This logic could certainly be applied to the cyber-bulling context if schools have a policy regulating the type of content that may be sent or received from school computers. For instance, it could be argued that, similar to lockers, emails are owned by the school because they are transmitted using school property. Therefore, if a student is suspected of sending harassing comments via email or has found such comments while browsing on school computers, the school should consider it their responsibility to monitor and discipline this activity. This point might be further justified by cases such as Garrity v. John Hancock Mut. Life Ins. Co. (D. Mass. May 7, 2002), where it was found that employers have a right to inspect employee email accounts in cases where employees have been warned their messages are accessible to the organization. With regards to school searches, we can also consider cases such as New Jersey v. T.L.O. (1985). In this ruling it was found that although students have a legitimate expectation of privacy within the school setting, schools also have a right to search student property, without a warrant, if there are reasonable grounds for suspecting that the student is violating either the law or the regulations of a school. Again, it would seem reasonable for schools to apply this rationale, if there is reason to believe that students are using school computers to conduct illegal activity such as the harassment of others.
While U.S. courts lean towards supporting student free expression, they stress certain limits in the school context. Thus, expressions that substantially or materially disrupt learning, interfere with the educational mission, utilize school-owned technology to harass, or threaten other students are not protected by the First Amendment and allow school intervention. The reasoning in these decisions does not substantially differ from a Supreme Court of Canada decision in R. v. M.R.M  relating to the right of schools to restrict constitutional rights when school property and student privacy rights are involved.
Canadian courts: Student privacy and cyber-bullying
Under section 8 of the Charter, everyone has the right to be free from unreasonable search and seizure. Hence protection of privacy is guaranteed within reasonable limits in a free and democratic society. Furthermore, section 7 of the Charter states that “everyone has the right to life, liberty, and security of the person.” In the cyber-bullying context, both these sections are relevant. The boundaries with respect to the obligations on schools to override search and seizure rights to protect others must be balanced with the right to life, liberty and security of the person. Furthermore, victims might argue that their rights to life, liberty, and security of the person are infringed under section 7 when schools fail to intervene and protect them from cyber-bullying.

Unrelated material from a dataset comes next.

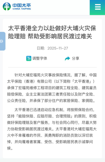 针对大埔宏福苑火灾事故保险情况,中国太平声明指,太平香港承保了宏福苑维修工程项目的建筑工程全险、建筑僱员赔偿保险,业主立案法团第三者责任险以及财产全险、公众责任险,并承保了部分住户的家居保险、家佣险。太平香港将按照保险合约,坚持“能赔快赔、应赔尽赔、合理预赔”的原则,强调做好保险理赔及客户服务。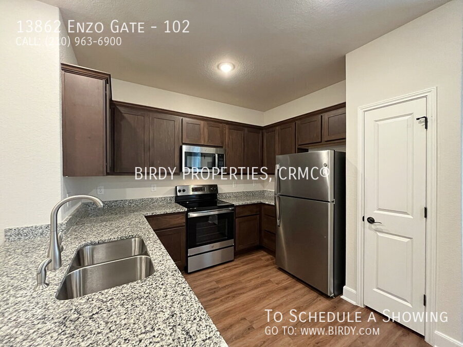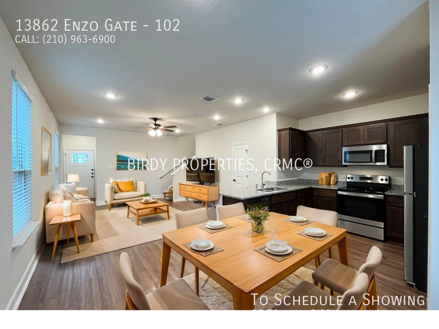 Welcome to this well-appointed 3-bedroom, 2.5-bath home located in a gated community with convenient access to shopping and local amenities. Designed with comfort and functionality in mind, the home features an open floor plan with a spacious living room, carpet and vinyl flooring, and all bedrooms situated upstairs. High ceilings on the second floor create a bright, open feel throughout the space. The kitchen offers solid countertops, a breakfast bar, pantry, and a full appliance package including a refrigerator, electric stove, microwave, and dishwasher, perfect for everyday living and entertaining. Additional highlights include an HVAC system with a programmable thermostat and plumbing in place for a water softener. Upstairs, the primary bedroom includes an ensuite bath with a walk-in closet, single vanity, and a tub/shower combination. A convenient upstairs laundry closet provides washer and dryer hookups. Enjoy outdoor living in the fenced backyard with a covered patio, ideal for relaxing or hosting guests. The home also includes a one-car garage with door opener. Community amenities include controlled access, barbecue and picnic areas, a playground and a welcoming neighborhood atmosphere. This home offers a great blend of comfort, convenience, and location. "*Our award winning Resident Benefits Package (RBP) required program includes Liability Insurance, Pest Control, Monthly Air Filter Delivery, Move-in Concierge (utilities/cable/internet), Credit Building, Resident Rewards, Identity Fraud Protection and more for only $65/mo. *If you provide your own insurance policy, the RBP cost will be reduced. Optional Premium Upgrades Available as well, More details in application. *PET APPS $30 with credit card/debit payment per profile or $25 by ACH per profile. High-Speed Internet Connectivity Made Simple: This property Now includes Group Rate 1Gig Internet (GRI) for just $69.50 per month - providing fast, reliable service at a low flat rate. With GRI, residents enjoy: 1 Gig high-speed internet No data caps All required equipment included Ongoing technical support. Premium amenity for your home, providing seamless connectivity. no surprise equipment fees, and no long-term contracts to manage. All information in this marketing material is deemed reliable but is not guaranteed. Prospective tenants are advised to independently verify all information, including property features, availability, and lease terms, to their satisfaction. *some marketing photos may be virtually staged images*

Based on Section 1 considerations, the courts generally give priority to the safety of the greater number of stakeholders as justification for overriding privacy rights. In R. v. M.R.M.  for example, the Supreme Court of Canada ruled that as long as a school principal is not acting as an agent of the police, he or she can search student lockers if there is a suspicion of hidden weapons or drugs. The high court held that school lockers are the property of schools. When there is a danger to safety and/or the learning of the students, the infringement on student privacy rights can be reasonably justified under section 1 of the Charter. Given the devastating psychological consequences of cyber-bullying on victims and the entire school environment, it is quite possible that a Charter interpretation that requires a balancing of the victim’s right to safety under S. 7 and the perpetrators’ right to computer privacy under S. 8 and free expression under S. 2(b), the court might rule in favor of the victim.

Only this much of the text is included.